# Night lights in barn



## OutdoorDreamer (Mar 29, 2012)

Does anyone leave a light on in the barn at night for the goats? I always leave a mercury light on at night, it's a soft blue light and it makes them sleepy but they can still see around. When our power goes out and there is no night light, they all freak out because they're so used to it being on.


----------



## ksalvagno (Oct 6, 2009)

I have a couple of night lights in the barn. They probably don't need them but I feel better.


----------



## AmyBoogie (May 20, 2013)

I never thought about this but we have a massive flood light that shines into 2 of the barn windows at night like a nightlight.


----------



## goatiegirl (Jan 7, 2013)

I don't have a light in there at night. 
Now I am wondering....can they sorta see in the dark like cats??


----------



## CircleK_Annye (May 17, 2013)

We have solar lights around their pen but will be putting lights in the barn before winter and dark morning chores.


----------



## TDG-Farms (Jul 12, 2013)

Yep, have the barn lit up pretty well at night and even in the kid shelters/pens.
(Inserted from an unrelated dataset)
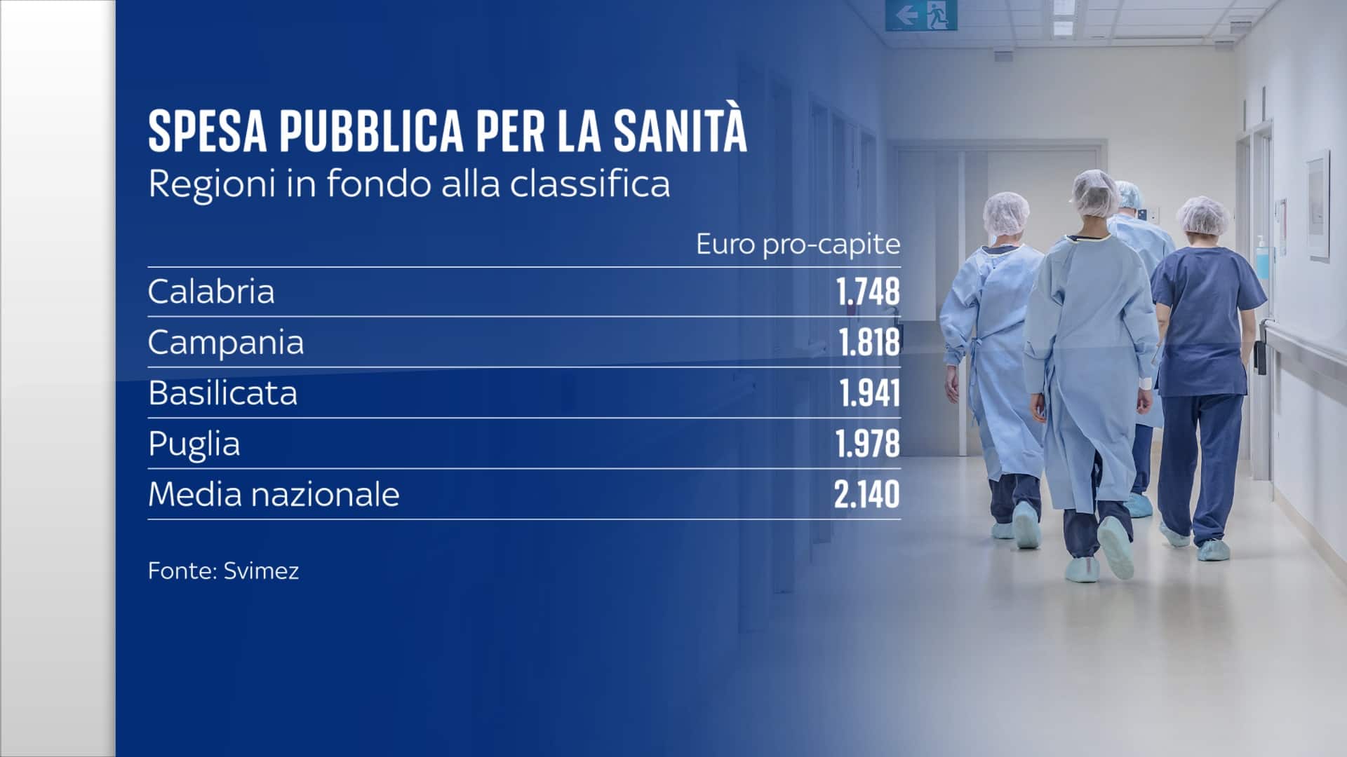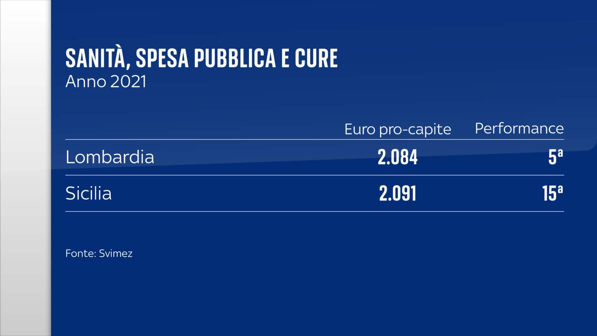 Quanti soldi pubblici si spendono per la sanità in Lombardia? E quanti in Sicilia? La cifra è quasi identica: poco più di duemila euro l’anno per abitante. Ma nella classifica della qualità delle cure c’è un abisso: Lombardia quinta, Sicilia quindicesima. Un divario che pesa sulla pelle di chi sta male e così molti al Sud fanno la valigia per un intervento o un controllo.

Have a large shop light on the back of the barn that covers just about all pens and then have the long lasting low watt florescent lights in each lean too, main barn and then another in the two side by side kid pens. The big light is like 400 watt I think and am looking into a must lower wattage bulb for that but the rest of the lights combined less then a normal 100 watt bulb. So I have no issue about them being on. Just that big one.


----------